After locating the line that contains "En los talleres" in the material below, copy that line and each one following it, exactly, up to the last line. Pictures stay out.

[[ Materials provided, beginning ]]

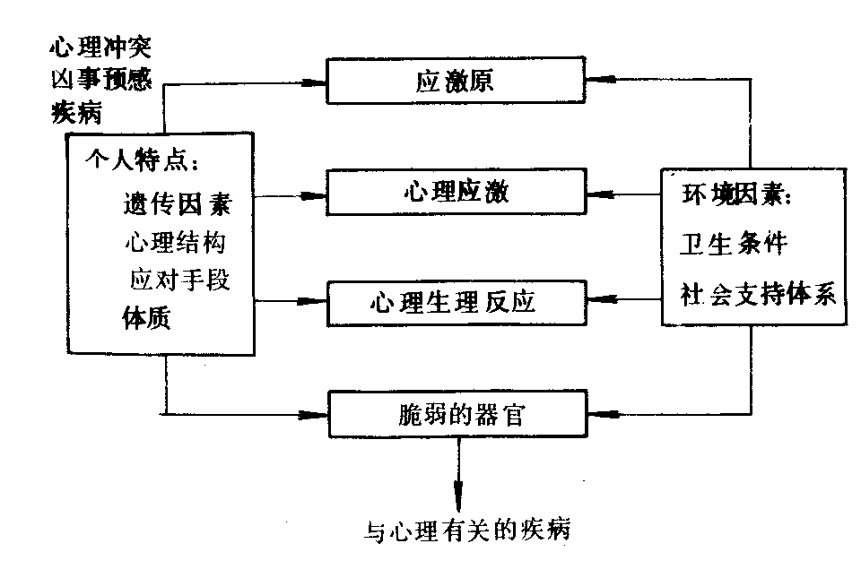 图4—33 应激水平与工作效率水平关系 应激的不良后果 随着医学由生物医学模式转向生物一心理一社会医学模式,人们愈来愈认识到心理、社会因素对机体健康具有重要意义,心身疾病的概念也日趋扩大。心理应激对健康的不良影响表现在: ❶心理应激可加重已患的疾病; ❷心理因素可作为疾病的促发因素,但必须通过脆弱的器官才能起作用(图4—34)。
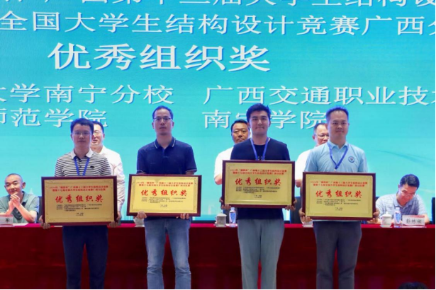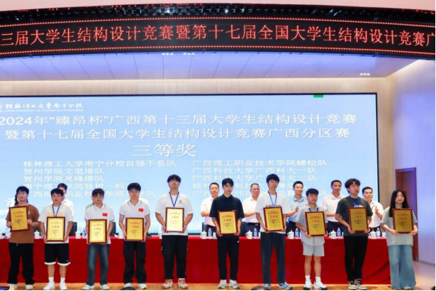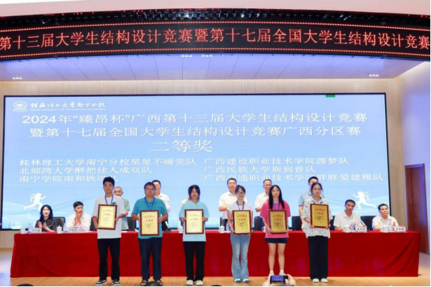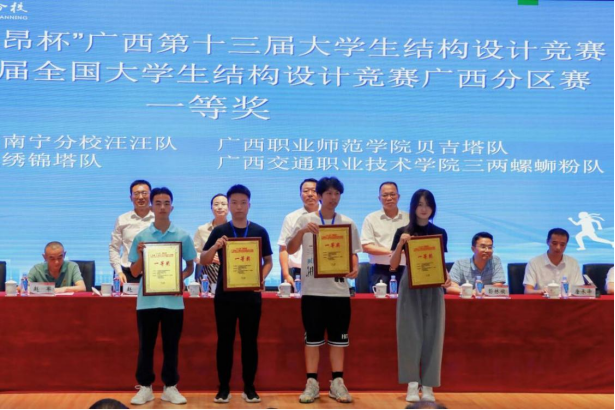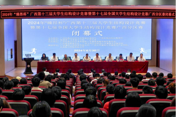 6月30日上午,2024年“臻昂杯”广西第十三届大学生结构设计竞赛暨第十七届全国大学生结构设计竞赛广西分区赛闭幕式在伟德国际victor·1946源自空港校区8408报告厅顺利举行。学校党委常委、副校长,伟德国际victor·1946源自校长罗盛锋,广西住房和城乡建设厅人事教育处处长傅波,广西教育厅高教处副处长赵崇、广西建设教育协会会长农永亮、广西第十三届大学生结构设计竞赛评审委员会主任赵军、广西本科高校土木建筑类教学指导委员会秘书长,广西大学教务处副处长彭林欣、贺州学院建筑与电气工程学院常务副院长许胜才,伟德国际victor·1946源自领导班子成员唐承泽、马华菊、梁尚尉出席会议,伟德国际victor·1946源自校长助理、广西大学生结构设计竞赛秘书处代表、赞助商代表,竞赛评审专家、各参赛队师生代表,住建厅工作人员,伟德国际victor·1946源自各相关单位、部门负责人及教师代表参加闭幕式。闭幕式由伟德国际victor·1946源自党委副书记唐承泽主持。
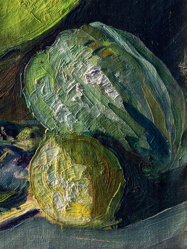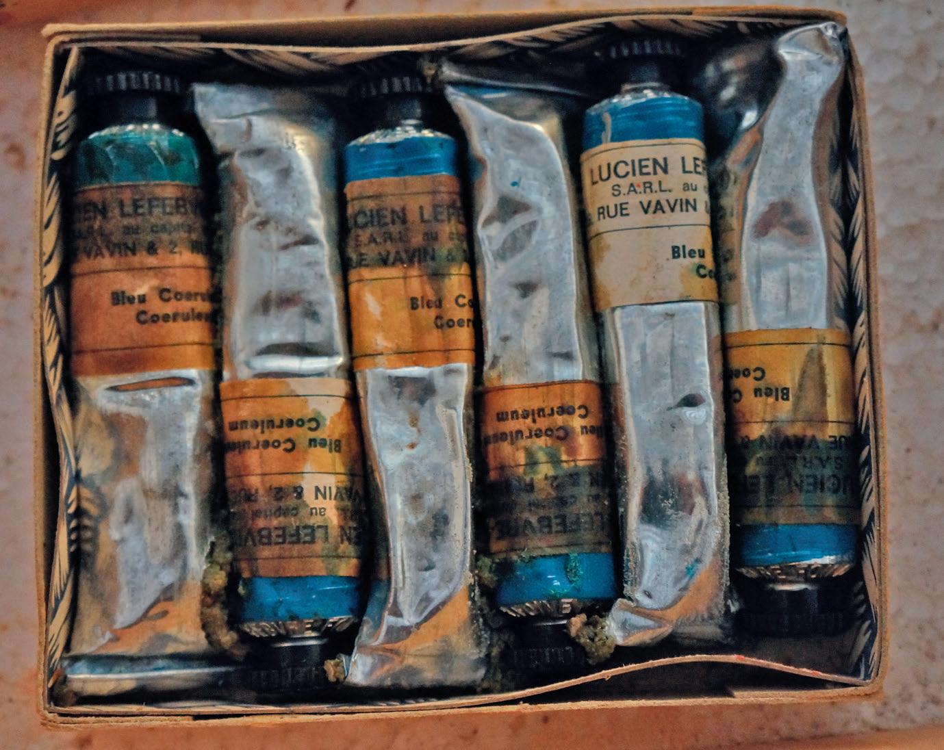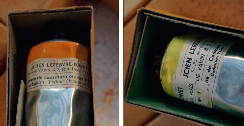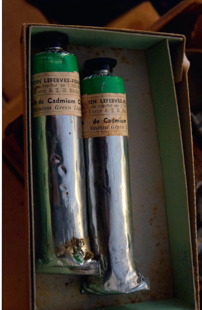 En los talleres encontramos diecinueve tubos de verde cadmio claro y siete de verde cadmio oscuro, todos de la marca Lucien Lefebvre-Foinet , por lo que parece ser que el verde cadmio era uno de sus favoritos. El verde cadmio no es un pigmento en sí, sino que es una mezcla de amarillo de cadmio y viridian.
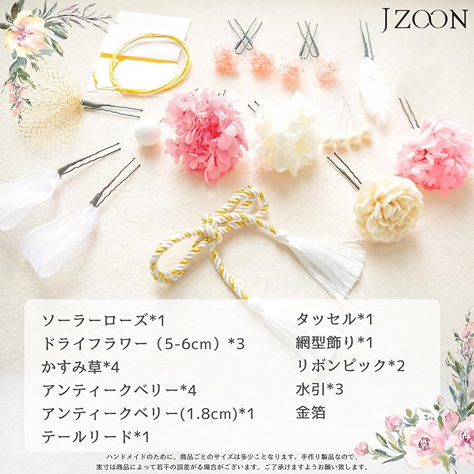 [JZOON] 9色展開 成人式 髪飾り 水引 振袖 着物 卒業式 七五三 浴衣 袴 結婚式 ドライフラワー 造花飾り 和玉 ヘアアクセサリー かすみ草 和装 造花 リボン 羽 手作り T5033
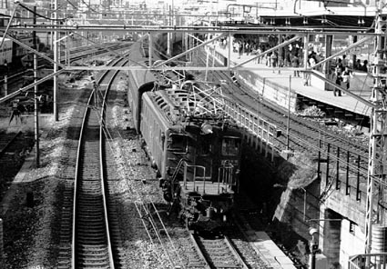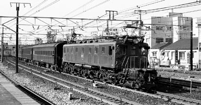 推進運転で尾久客車区へ戻るEF57-7 号機 鴬谷駅前
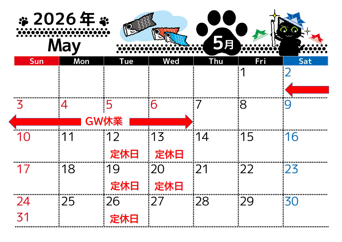 5月2日㊏ ~ 5月6日㊌ は休業となります。
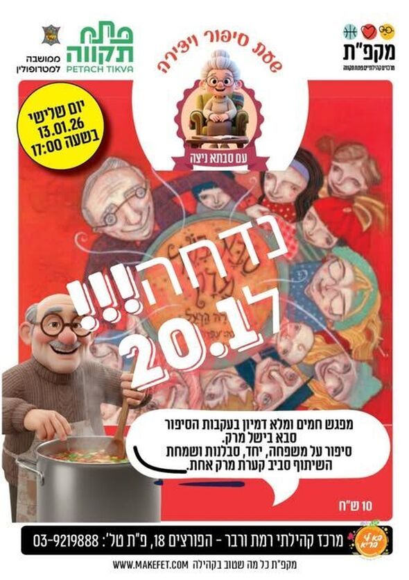 מרכז קהילתי רמת ורבר בפתח תקווה מזמין את הילדים וההורים לשעת סיפור ויצירה עם "סבתא ניצה". המפגש יתמקד הפעם בסיפור האהוב "סבא בישל מרק".
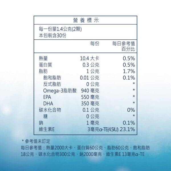 魚油為魚的脂肪萃取出的油脂,含有Omega-3不飽和脂肪酸(包含EPA+DHA)。
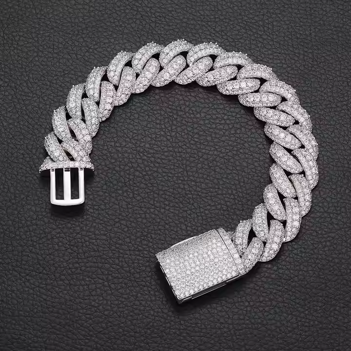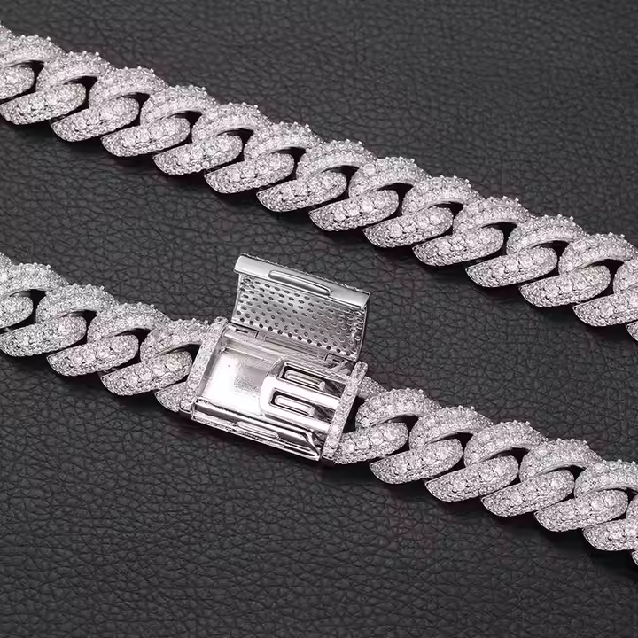 สร้อยคอโซ่เพชรมอยส์ซอไนท์20มม. สุดหรูประดับเพชรแนวสตรีทสวมใส่ได้ทั้งชายและหญิงสไตล์ฮิปฮอป

[[ Materials provided, end ]]

# Written reply
 En los talleres encontramos diecinueve tubos de verde cadmio claro y siete de verde cadmio oscuro, todos de la marca Lucien Lefebvre-Foinet , por lo que parece ser que el verde cadmio era uno de sus favoritos. El verde cadmio no es un pigmento en sí, sino que es una mezcla de amarillo de cadmio y viridian.
 [JZOON] 9色展開 成人式 髪飾り 水引 振袖 着物 卒業式 七五三 浴衣 袴 結婚式 ドライフラワー 造花飾り 和玉 ヘアアクセサリー かすみ草 和装 造花 リボン 羽 手作り T5033
 推進運転で尾久客車区へ戻るEF57-7 号機 鴬谷駅前
 5月2日㊏ ~ 5月6日㊌ は休業となります。
 מרכז קהילתי רמת ורבר בפתח תקווה מזמין את הילדים וההורים לשעת סיפור ויצירה עם "סבתא ניצה". המפגש יתמקד הפעם בסיפור האהוב "סבא בישל מרק".
 魚油為魚的脂肪萃取出的油脂,含有Omega-3不飽和脂肪酸(包含EPA+DHA)。
 สร้อยคอโซ่เพชรมอยส์ซอไนท์20มม. สุดหรูประดับเพชรแนวสตรีทสวมใส่ได้ทั้งชายและหญิงสไตล์ฮิปฮอป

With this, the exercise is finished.